Let’s take a quick historical tour. In the 1930s, Louisiana’s Democratic Sen. Huey Long tried to make himself a presidential contender on the strength of his “Share Our Wealth” program, which would tax out of existence all income over $1 million and wealth over $3 million.
The revenue thus raised would be spent on what the historian Arthur Schlesinger Jr. dismissed uncharitably as “a hillbilly’s paradise” — guaranteeing every family $2,000 in annual income and a $5,000 “homestead” grant, along with old-age pensions and free college educations. Long finessed questions about his plan’s shaky economic foundation mostly by refusing to answer them.
During the same era, a nationwide movement advocated funding old-age pensions from a tax on every transaction in the economy (the movement’s spread helped scare Congress into passing Social Security), and in California the Socialist author Upton Sinclair ran for governor by proposing to “end poverty in California” — his platform was known as “EPIC” — by replacing the sales tax and most property taxes with an income tax pitched at the wealthy and a sharp increase in the inheritance tax. The revenue raised by the new taxes would be a fraction of the old. Anyway, Sinclair almost won.
In the 1990s, the Big Idea was the Flat Tax, promoted by the presidential campaigns of magazine executive Steve Forbes. The Forbes plan derived from a program cooked up by two Hoover Institution fellows, Robert E. Hall and Alvin Rabushka. Their idea was to replace the multiple brackets and deductions of the tax code with a straight 19% levy.
As Bankman observed in 1995, even as Hall and Rabushka were claiming that their tax was “the fairest tax of all” because it treated all income earners pretty much the same, they acknowledged that it would be “a tremendous boon to the economic elite from the start.”
Mostly this was because it cut the top rate from nearly 40% and exempted investment income — interest and dividends — from the individual tax. Inevitably, this meant a shift in the tax burden onto wage income, which of course constitutes a much larger proportion of income of those at the lower end of the scale.
The Hall-Rabushka Flat Tax wasn’t truly a flat tax: by incorporating a large exemption for low-income families, they effectively created a progressive rate schedule, though less so than the existing system. The tax rate on wage income started at 0% for families under the exemption threshold, rose to 18.5% for incomes of $1 million, and crept closer to the full 19% as incomes rose.
Cain’s plan dispenses with the exemption, which makes his tax flatter.
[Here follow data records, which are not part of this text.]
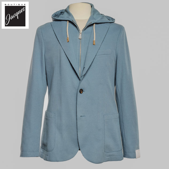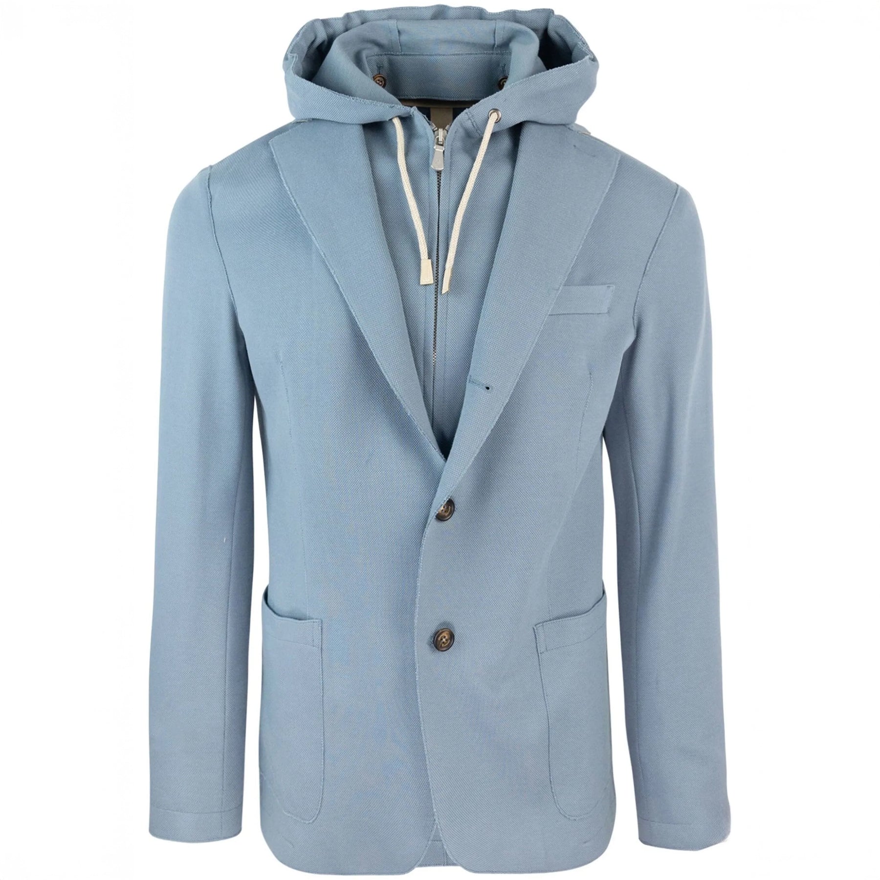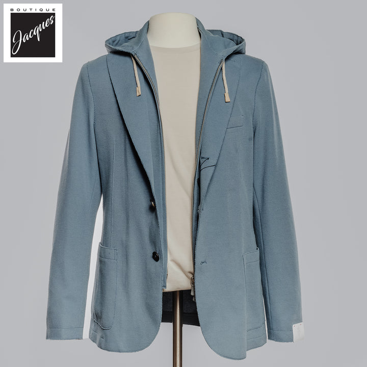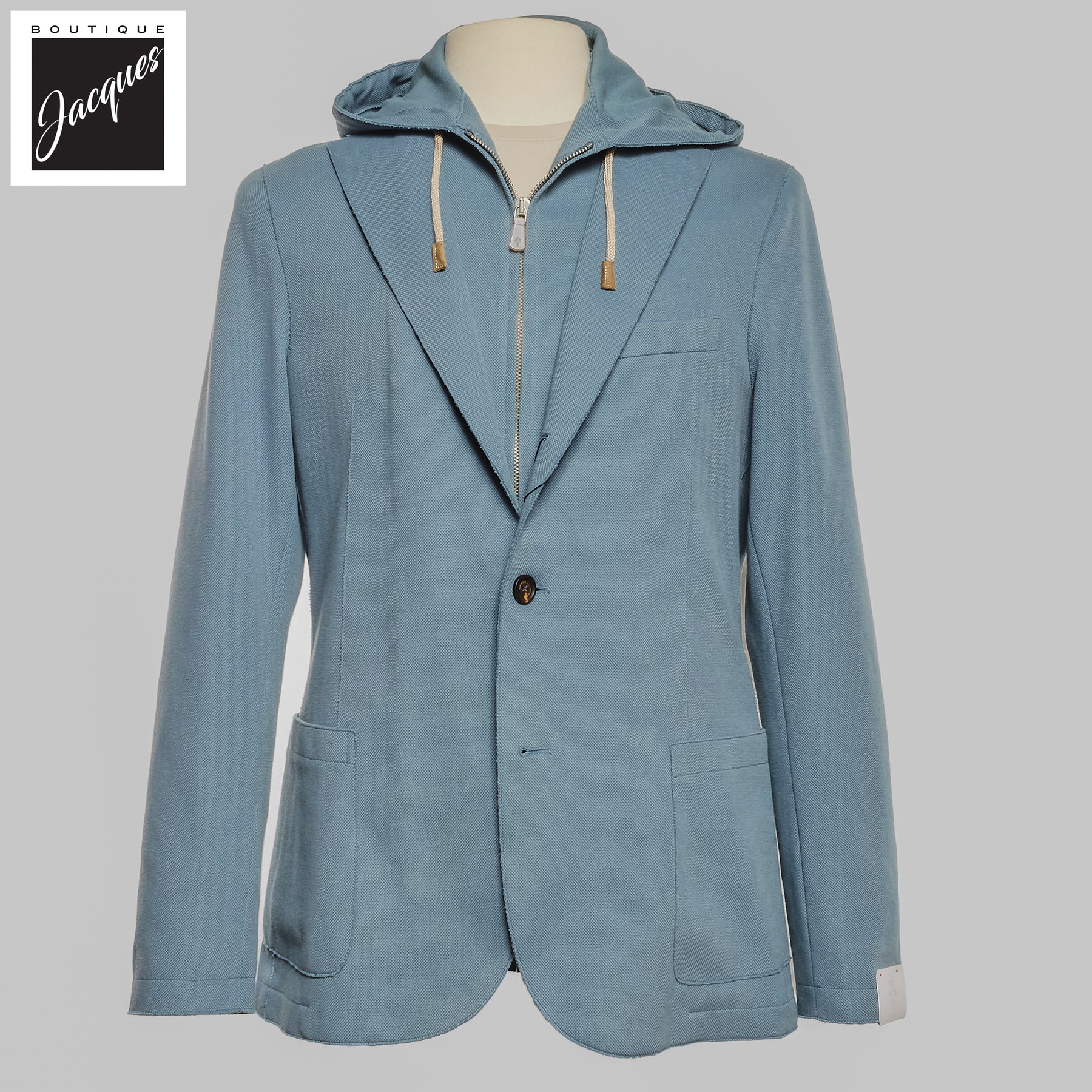 Pair this versatile soft jacket with a crisp white shirt and leather loafers for a polished yet relaxed look. For a more casual ensemble, opt for a lightweight linen shirt or a t-shirt and sneakers. The natural construction and the soft light blue colour makes this piece a versatile wardrobe staple that can be dressed up or down effortlessly.
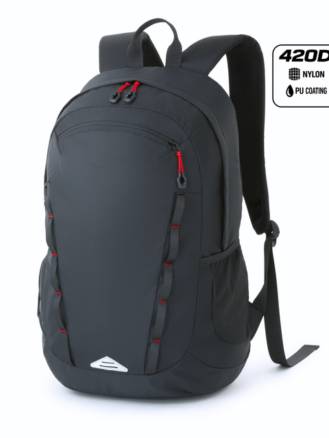 Tartós, közepes méretű sport hátizsák 420D nejlonból, PU bevonattal. Egy fő rekesszel, elülső cipzáras zsebbel, rugalmas hálós oldalzsebekkel és párnázott hálós hátrésszel rendelkezik a kényelem érdekében. Tartalmaz egy pántot a bőrönd fogantyújához való rögzítéshez.
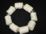 2007De armband is gemaakt van stukjes vilt. Nadat de stukjes vilt tot armband zijn gemaakt zijn ze nog bewerkt met zijde. Ook deze armband kan in andere kleurcombinaties worden uitgevoerd.
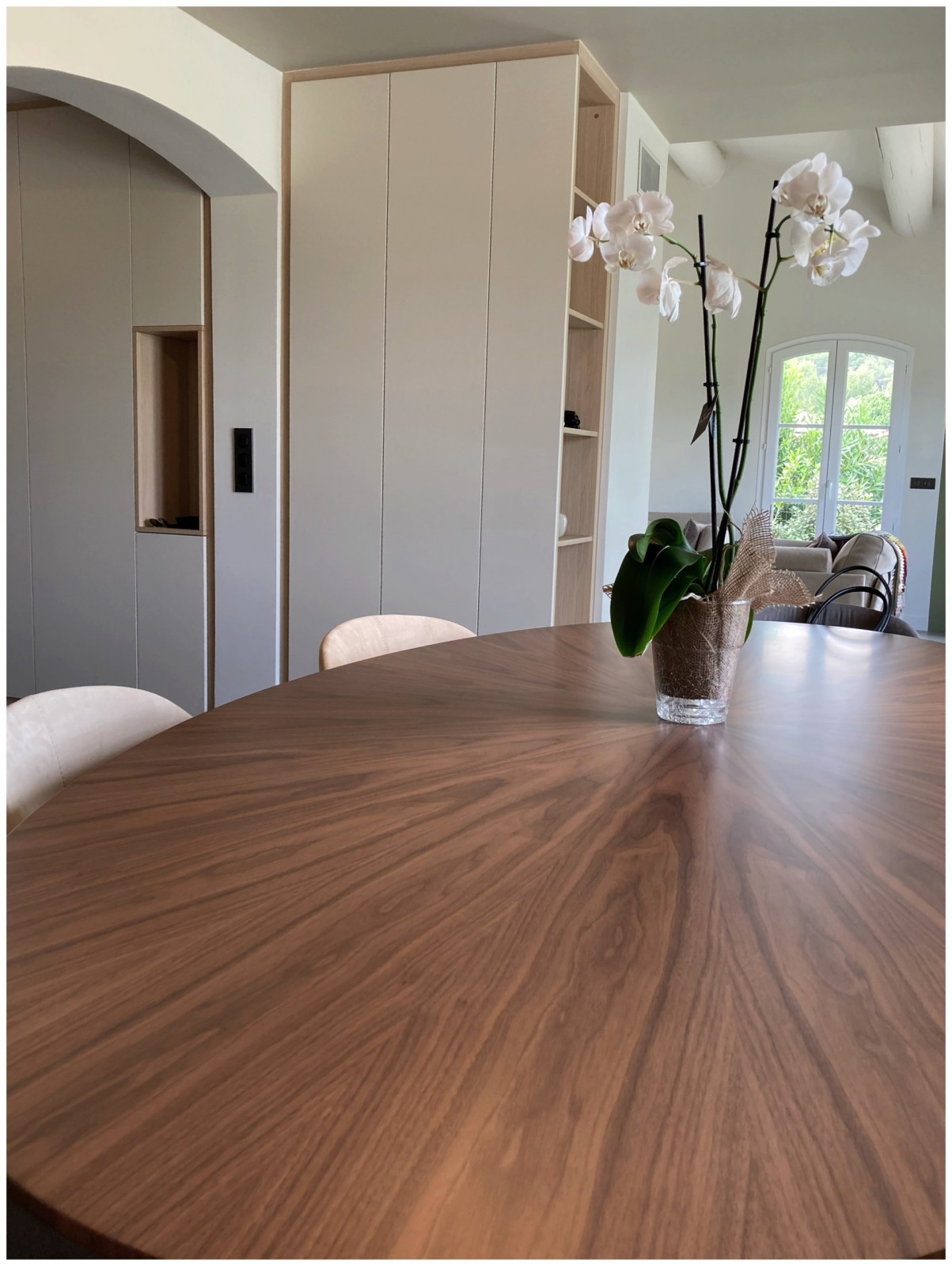 L’agence d’architecture d’intérieur a entièrement repensée les volumes, les agencements intérieurs et la décoration de cette maison située dans le Luberon en plein coeur du Golf de Pont Royal. Un travail tout d'abord sur l'organisation spatiale par l'élaboration de différents projets avant de valider celui qui a été retenu par l'agence ainsi que par les clients .
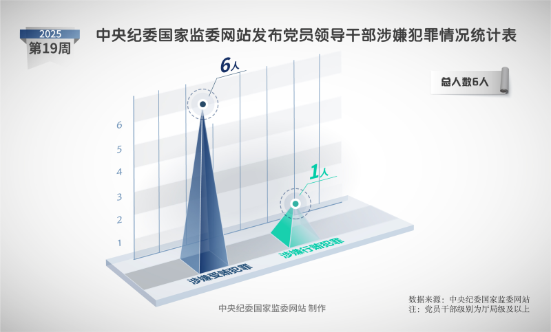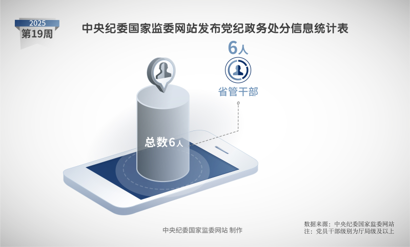 2025年第19周,中央紀委國家監(jiān)委網(wǎng)站共發(fā)布6條黨紀政務(wù)處分信息,均為省管干部。
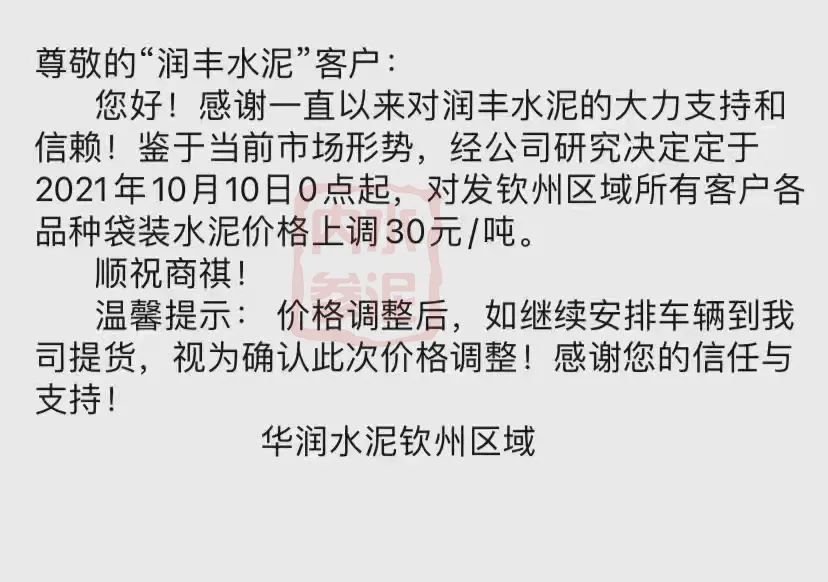 华润水泥钦州区域发布通知,鉴于当前市场形势,经公司研究决定定于2021年10月10日0点起,对发钦州区域所有客户各品种袋装水泥价格上调30元/吨。

But that doesn’t mean it pencils out fiscally, distributes the tax burden fairly or serves an economic purpose any better than its ancestors from Long, Sinclair, Hall and Rabushka, or Forbes.
To some extent, making those determinations is impossible, because 9-9-9 as publicly presented is quintessentially half-baked. Cain’s website offers what it describes as a “summary” of 9-9-9, but that’s misleading because the “summary” is all there is. That makes subjecting the program to hard analysis rather a gloppy process, like trying to analyze a squid by hitting it with a hammer.
Cain says his plan replaces the payroll tax and eliminates the inheritance tax, provides few incentives for evasion, and is fair, neutral and transparent. According to a cogent analysis by Edward D. Kleinbard, a USC law professor who was chief of staff to Congress’ joint committee on taxation from 2007 to 2009, none of these claims holds water.
In fact, as Kleinbard shows, Cain’s plan doesn’t replace the payroll tax — it is a payroll tax, or more precisely a wage tax, amounting to the equivalent of about 27% on wage income. Wage earners would pay 9% income tax and 9% sales tax on income from first dollar to last. Because their employers would lose the existing tax deduction for their wages, in economic terms that would amount to an effective additional 9% tax on the worker.
Kleinbard estimates that 9-9-9 would cut the after-tax disposable income of a family with gross wage income of $120,000 by $541 compared with current law; a family with $50,000 in wages would be poorer by $4,848. On the other hand, entrepreneurs and other business owners would have a convenient option to cut their own tax bill, simply by paying themselves not in wages but in dividends, which would be tax-exempt.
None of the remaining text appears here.